The GMA was formed originally as a bilateral agreement between Orange and Deutsche Telekom in 2011. TeliaSonera joined in the middle of 2011. By November 2013, this association added 3 more operators in Telecom Italia, Softbank, and Bell Mobility. The latter 2 members have expanded GMA’s local reach from Europe to Canada and Japan. The immediate objectives are similar but narrower—accelerate devices certification and testing, enable global roaming, and manage remote subscription.

It will be interesting to see how far these 2 groupings will be able to deepen M2M demand further in connected industries such as automotive, energy, transportation, and even healthcare. While Frost & Sullivan Europe is more cautious than the industry is about the uptake of M2M in consumer electronics, this prudent outlook can change once standardisation is achieved to such an extent that economies of scale can be achieved rapidly.

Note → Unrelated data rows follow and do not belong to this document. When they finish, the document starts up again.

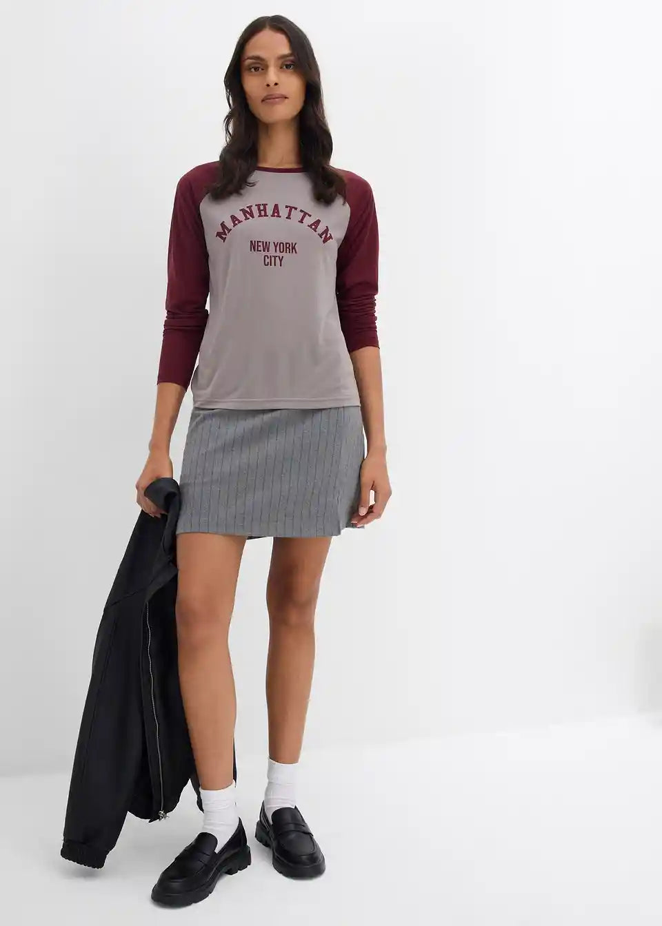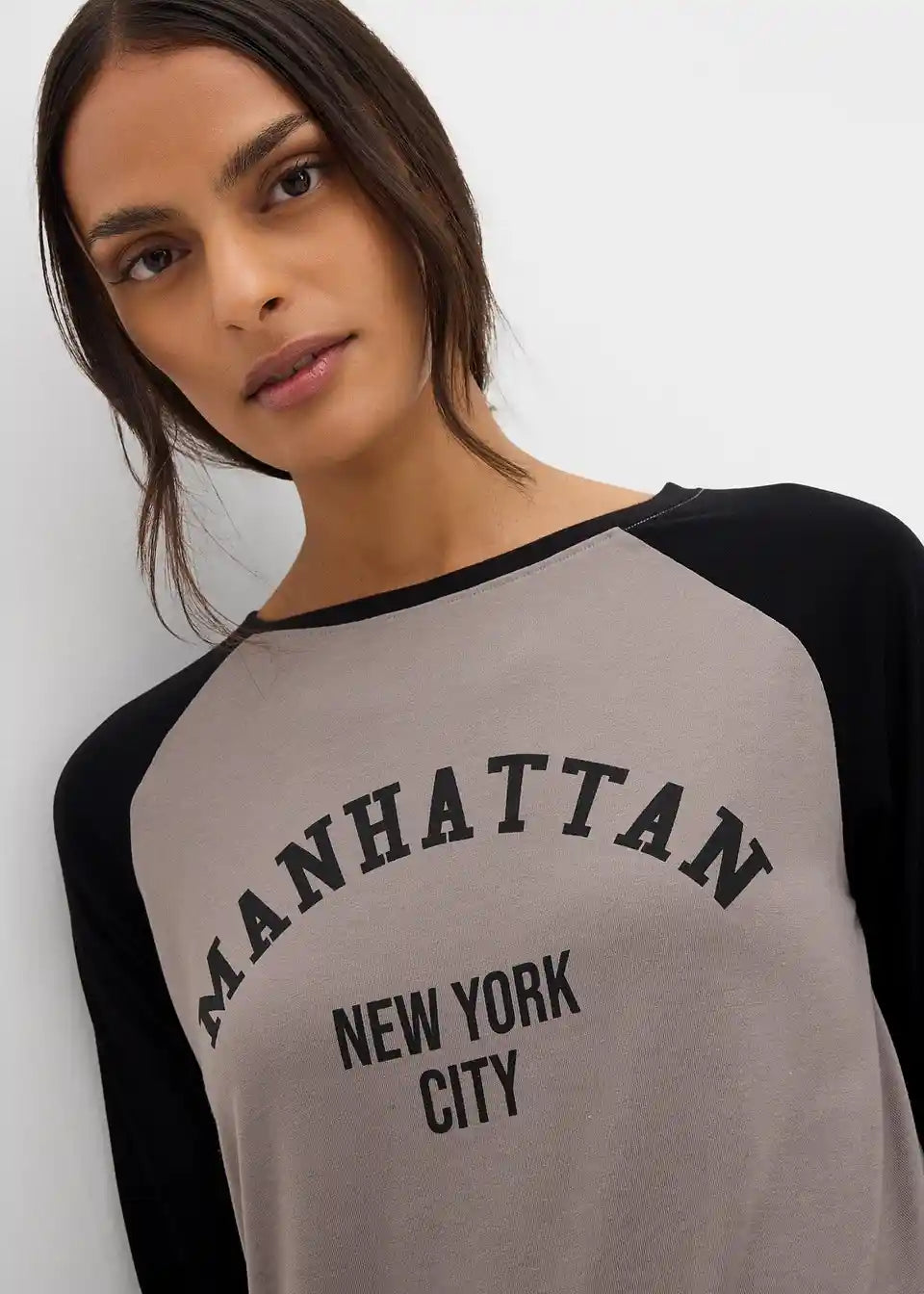 Udobna majica z dolgimi rokavi iz jerseyja s potiskom
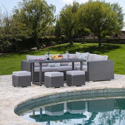 Everything you need and more for enjoying your patio, backyard, or garden, this versatile outdoor dining sofa set allows you to entertain or dine in style and ultimate comfort. Made with a stunning wicker finish and topped with water resistant cushions, this set is designed bring your outdoor space impressive aesthetics and functionality.
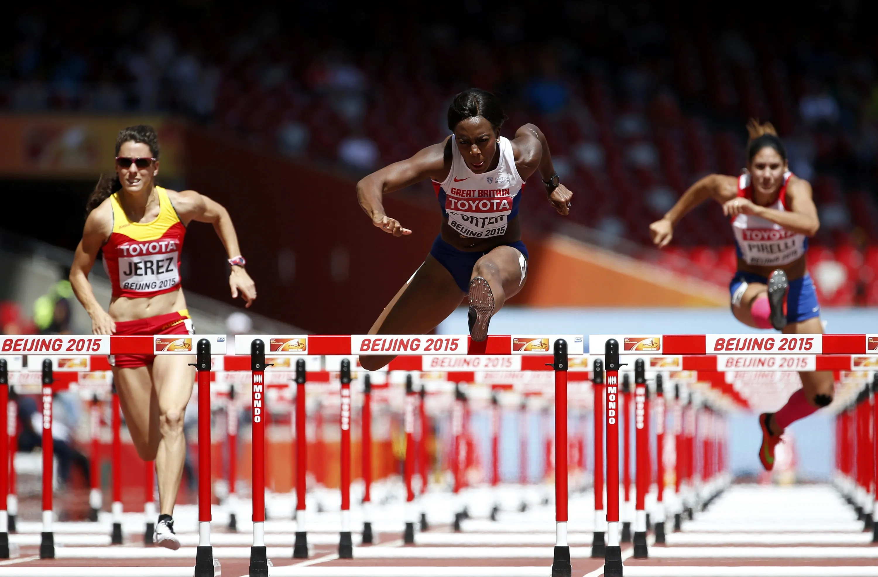 Tiffany Porter of Britain (C) competes in the women's 100 metres hurdles heats during the 15th IAAF World Championships at the National Stadium in Beijing, China August 27, 2015. (Photo by Lucy Nicholson/Reuters)
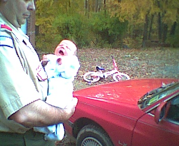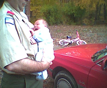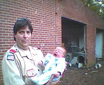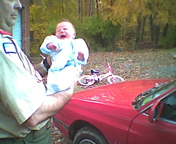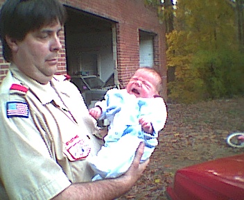 I had to ask Mark to step outside; my new digital camera doesn't have a flash, and there wasn't enough light inside. Mark Alexander wasn't crying; he's just making faces. Daddy was getting him read for Scouts.
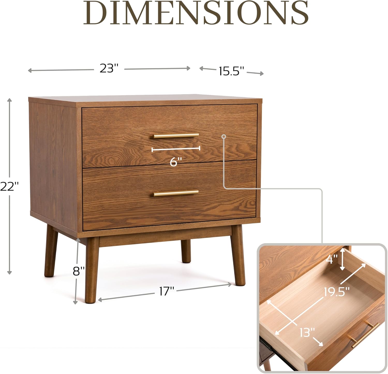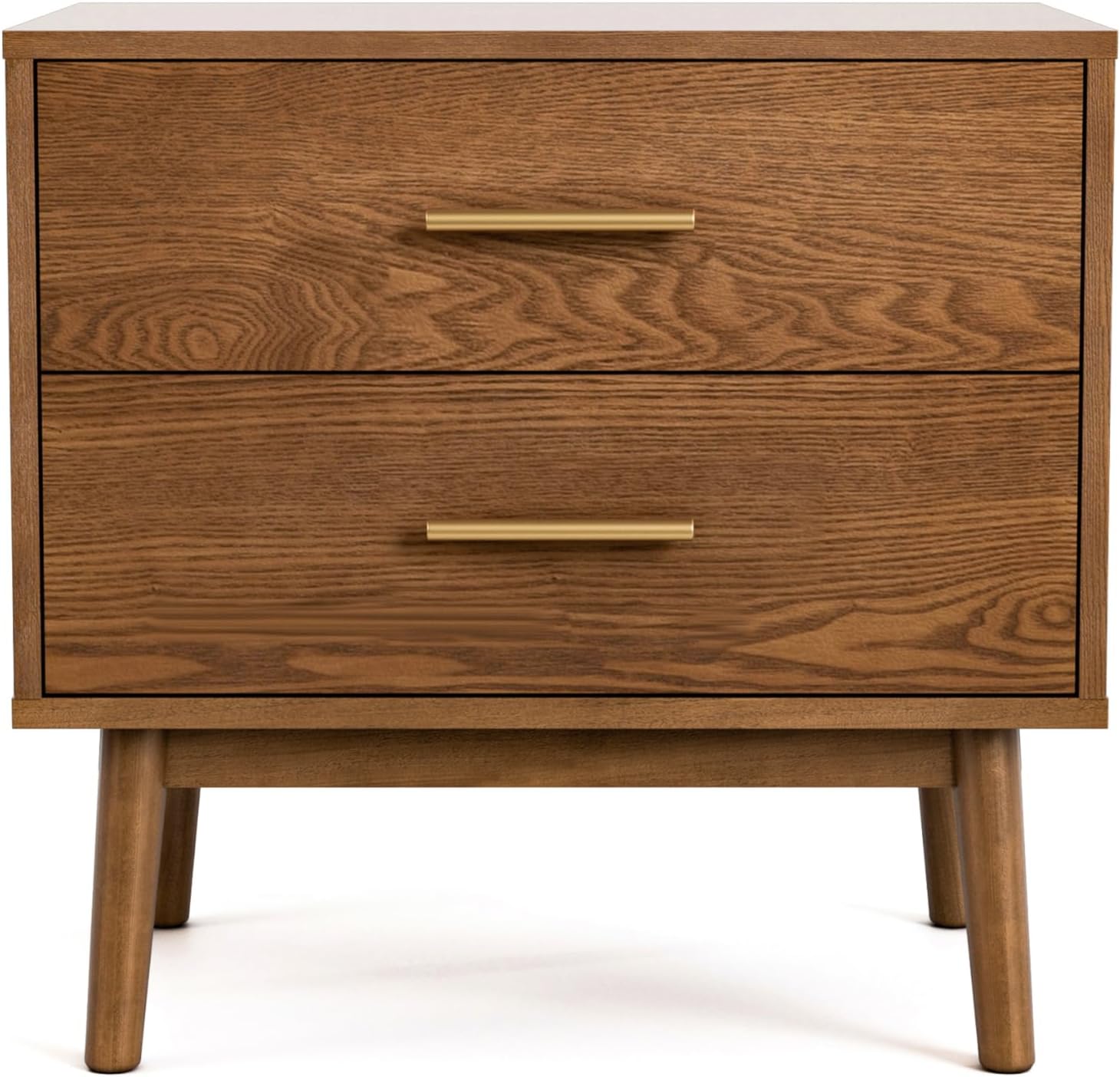 Furniture of America Wyatt Modern Solid Wood Nightstand with Drawers and Round Tapered Legs, Small Bedside Table, Wooden Night Stand for Bedroom, Guest Room, Dorm, Walnut

Build on this foundation to create an unique proposition

Along with the expected increase in the number of market suppliers, M2M telecoms service providers will be keen to develop their own capabilities in the next wave of market demand. This concurrent drive towards differentiation will not only accelerate market development in “new” M2M application areas, but also enterprises’ realisation of machine data analytics use in the next few years. Thus far, the market has also observed the use of pay-as-you-drive insurance as a result of the connected car opportunity. The use of smart meter data should also spread among utilities market leaders, where data analytics companies such as Opower have made significant progress in penetrating the use of data for improved customer services. In the next 2 years, these applications will continue, but there will also be greater integration of enterprise mobility data with industrial control systems data. Many of the telecoms service providers within the 2 operator-led M2M groupings have varying success in facilitating these business needs. In particular, Frost & Sullivan believes such European companies as Telefonica, Deutsche Telekom, and Orange Business Services will be the companies to watch as they develop converging communications and IT propositions for their enterprise customers.

The standalone telecoms companies

The 2 M2M groupings have another commonality. Neither includes the membership of any operator based in the United States; Verizon and AT&T are not official members. Seen together with Vodafone’s preference to stay out of these organisations, such an “independent” stance may reflect a non-verbal signal to its peers and customers in their confidence to determine their own M2M roadmap, including their M2M ecosystem partners and portfolio. This development reflects the different roles of telecoms service providers in the M2M market. On one hand, full-service, end-to-end telecoms service providers with connectivity, IT, and managed services capabilities operate. A similar offering will be made by telecoms service providers with a combination of connectivity and managed services capabilities. Finally, on the other hand, there will be a group of telecoms service providers interested only in enabling the connectivity piece of the M2M project. Frost & Sullivan believes that to accelerate M2M adoption, there must be a coordinated effort to reduce barriers to entry. As Tier I telecoms service providers strive to create an unique proposition by climbing up the M2M architecture, there will also be expectations of commercially-viable innovations to achieve the connected society vision beyond 2020.